■ SUPPLIED INFORMATION:
────────
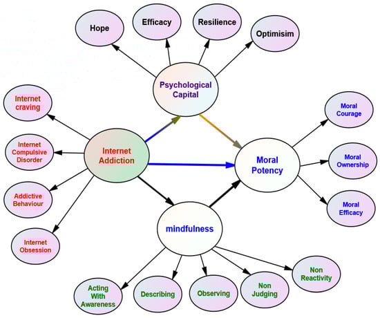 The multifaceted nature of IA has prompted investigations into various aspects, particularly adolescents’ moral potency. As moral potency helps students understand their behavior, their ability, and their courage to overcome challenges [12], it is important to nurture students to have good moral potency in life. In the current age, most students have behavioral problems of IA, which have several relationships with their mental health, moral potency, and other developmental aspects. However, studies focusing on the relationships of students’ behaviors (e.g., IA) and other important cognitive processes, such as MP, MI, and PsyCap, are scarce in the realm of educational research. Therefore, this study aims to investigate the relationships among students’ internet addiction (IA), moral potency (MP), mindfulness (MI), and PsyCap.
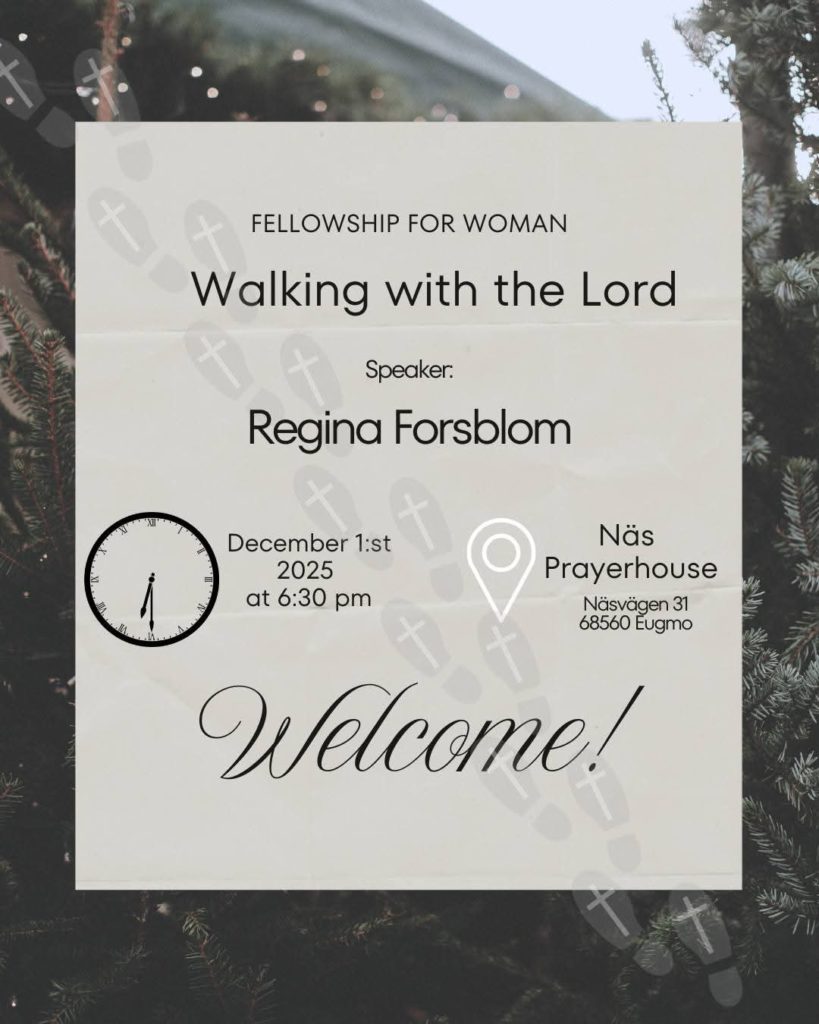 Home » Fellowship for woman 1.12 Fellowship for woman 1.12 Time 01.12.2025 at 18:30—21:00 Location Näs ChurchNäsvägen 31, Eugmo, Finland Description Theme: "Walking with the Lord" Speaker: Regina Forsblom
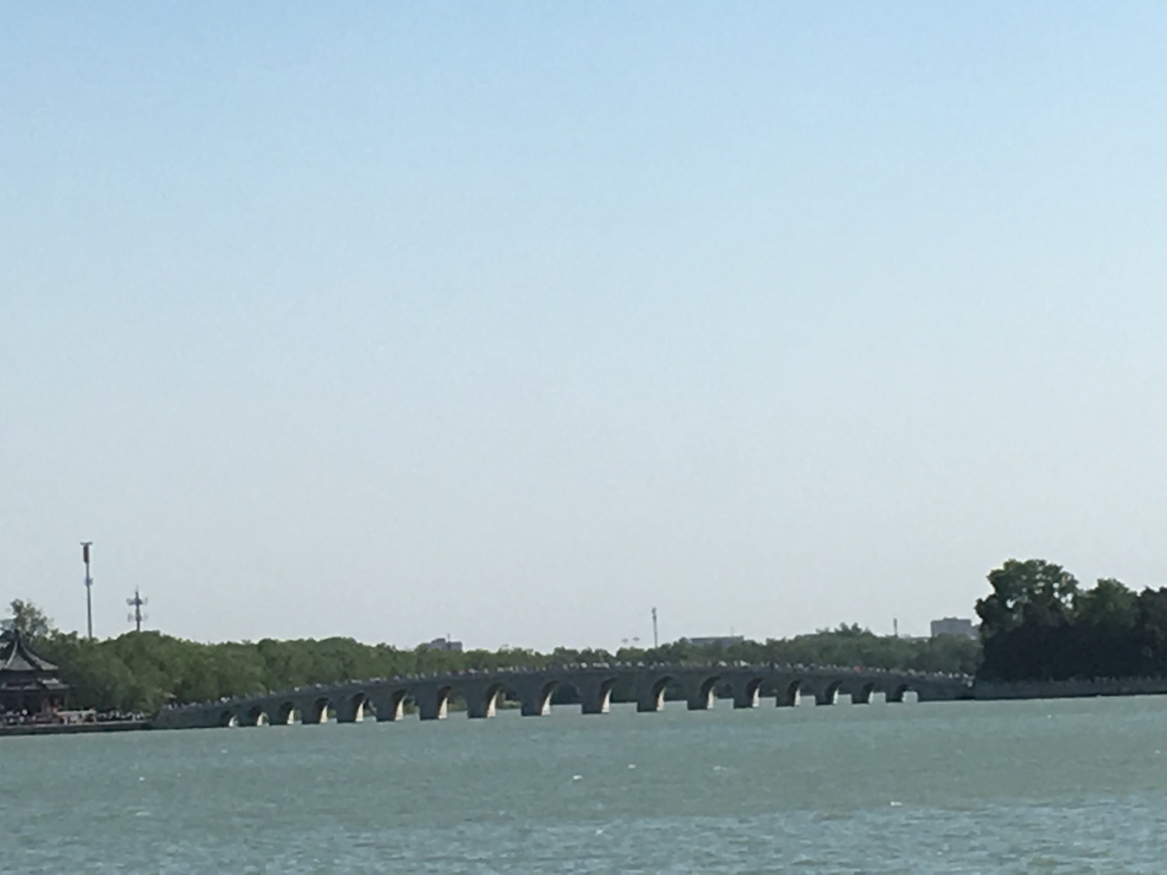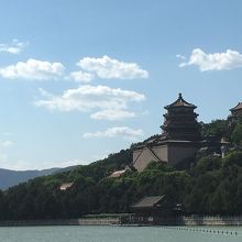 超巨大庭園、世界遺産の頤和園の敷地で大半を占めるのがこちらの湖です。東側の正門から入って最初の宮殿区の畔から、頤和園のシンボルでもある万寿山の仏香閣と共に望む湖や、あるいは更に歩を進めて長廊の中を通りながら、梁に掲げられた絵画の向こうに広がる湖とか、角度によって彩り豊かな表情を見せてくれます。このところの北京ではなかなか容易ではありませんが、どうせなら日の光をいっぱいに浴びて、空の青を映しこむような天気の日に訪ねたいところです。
────────
■ EXERCISE REQUIREMENTS: Copy exactly the lines that run from the line containing "Speaker: Regina Forsblom" to the end of the data, keeping both end lines and dropping every picture.

■ YOUR SOLUTION:
 Home » Fellowship for woman 1.12 Fellowship for woman 1.12 Time 01.12.2025 at 18:30—21:00 Location Näs ChurchNäsvägen 31, Eugmo, Finland Description Theme: "Walking with the Lord" Speaker: Regina Forsblom
 超巨大庭園、世界遺産の頤和園の敷地で大半を占めるのがこちらの湖です。東側の正門から入って最初の宮殿区の畔から、頤和園のシンボルでもある万寿山の仏香閣と共に望む湖や、あるいは更に歩を進めて長廊の中を通りながら、梁に掲げられた絵画の向こうに広がる湖とか、角度によって彩り豊かな表情を見せてくれます。このところの北京ではなかなか容易ではありませんが、どうせなら日の光をいっぱいに浴びて、空の青を映しこむような天気の日に訪ねたいところです。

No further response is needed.